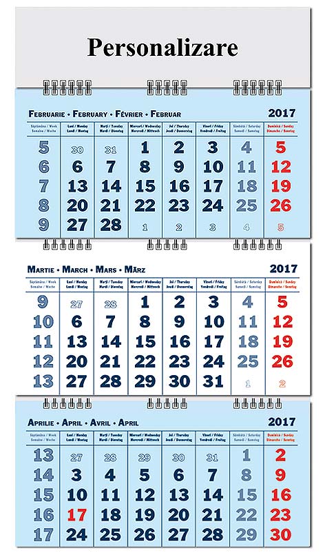 Calendar personalizat triptic pentru perete. Produs este pliabil si este format din 3 seturi de 12 file legate individual cu spira metalica dubla de culoare alba. Calendarul este realizat din hartie offset (80 g/m2). Spatele calendarului este realizat din carton duplex (300 g/m2). Personalizarea se realizeaza pe capac in 1 – 4 culori iar formatul maxim imprimat este de 40 x 15 cm. Costurile de personalizare se calculeaza separat in functie de detaliile/specificatiile dorite de client. Dimensiuni: 40 x 60 cm. Comanda minima: 50 buc. Pretul nu contine TVA.
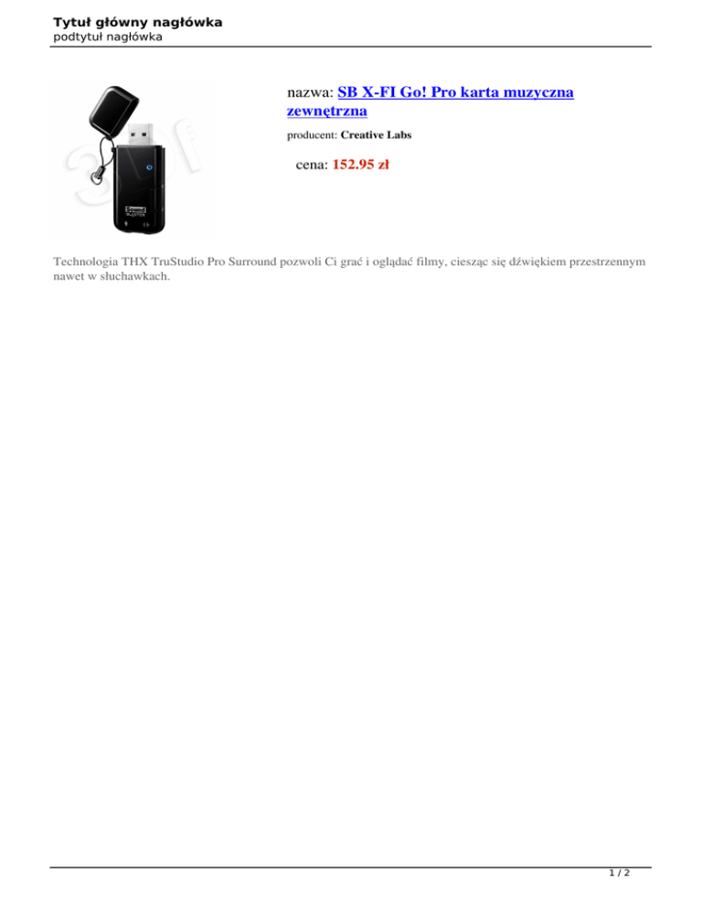 Tytuł główny nagłówka podtytuł nagłówka nazwa: SB X-FI Go! Pro karta muzyczna zewnętrzna producent: Creative Labs cena: 152.95 zł Technologia THX TruStudio Pro Surround pozwoli Ci grać i oglądać filmy, ciesząc się dźwiękiem przestrzennym nawet w słuchawkach. 1/2 Tytuł główny nagłówka podtytuł nagłówka Kod Producenta www Interfejs Zestaw zawiera: Typ Pilot Rodzaj wyjść Rodzaj wejść Producent układu Model układu Wyjście cyfrowe Rodzaj wyjść cyfrowych Wejście cyfrowe Rodzaj wejść cyfrowych Game Port Dodatkowy panel nazwa wartość 70SB129000002 http://pl.store.creative.com/products/produ ct.aspx?catid=1&pid=20056 USB Karta dźwiękowa Sound Blaster X-Fi Go! Pro,kabel USB,instrukcja obsługi,płyta CD z oprogramowaniem. Zewnętrzna Nie Jedno stereofoniczne gniazdo 3,50 mm (1/8 cala) typu jack pełniące rolę analogowego wyjścia liniowego lub wyjścia słuchawkowego Jedno stereofoniczne gniazdo 3,50 mm (1/8 cala) typu jack pełniące rolę wejścia mikrofonowego Creative Sound Blaster Brak Brak Elektryczne Brak Nie Brak 2/2
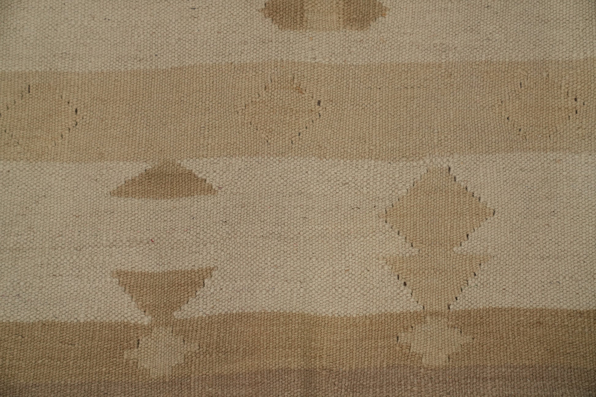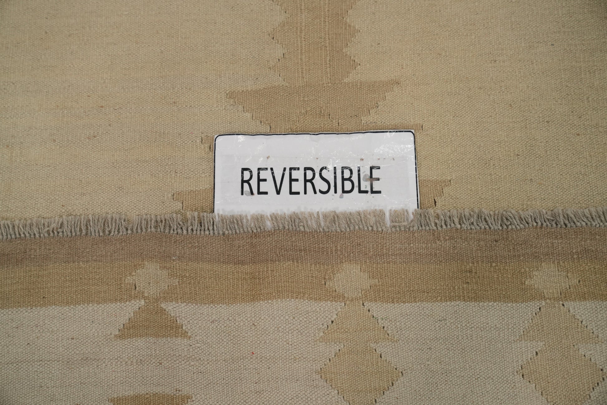 A Beautiful Genuine Pakistan Kilim rug is Hand Woven by skillful weavers in Pakistan with 100% Wool Material. This rug is in New, First Quality condition. dimensions are 11' 9'' X 9' 1'' in foot and 358 X 277 in centimeter. the primary color is Beige & Ivories.
++++++++
● WHAT NEEDS TO BE DONE
Starting with the line that contains "Tytuł główny nagłówka podtytuł nagłówka nazwa: SB", repeat each line exactly until the listing ends, including the last one. Leave pictures out.

● TASK ANSWER
 Tytuł główny nagłówka podtytuł nagłówka nazwa: SB X-FI Go! Pro karta muzyczna zewnętrzna producent: Creative Labs cena: 152.95 zł Technologia THX TruStudio Pro Surround pozwoli Ci grać i oglądać filmy, ciesząc się dźwiękiem przestrzennym nawet w słuchawkach. 1/2 Tytuł główny nagłówka podtytuł nagłówka Kod Producenta www Interfejs Zestaw zawiera: Typ Pilot Rodzaj wyjść Rodzaj wejść Producent układu Model układu Wyjście cyfrowe Rodzaj wyjść cyfrowych Wejście cyfrowe Rodzaj wejść cyfrowych Game Port Dodatkowy panel nazwa wartość 70SB129000002 http://pl.store.creative.com/products/produ ct.aspx?catid=1&pid=20056 USB Karta dźwiękowa Sound Blaster X-Fi Go! Pro,kabel USB,instrukcja obsługi,płyta CD z oprogramowaniem. Zewnętrzna Nie Jedno stereofoniczne gniazdo 3,50 mm (1/8 cala) typu jack pełniące rolę analogowego wyjścia liniowego lub wyjścia słuchawkowego Jedno stereofoniczne gniazdo 3,50 mm (1/8 cala) typu jack pełniące rolę wejścia mikrofonowego Creative Sound Blaster Brak Brak Elektryczne Brak Nie Brak 2/2
 A Beautiful Genuine Pakistan Kilim rug is Hand Woven by skillful weavers in Pakistan with 100% Wool Material. This rug is in New, First Quality condition. dimensions are 11' 9'' X 9' 1'' in foot and 358 X 277 in centimeter. the primary color is Beige & Ivories.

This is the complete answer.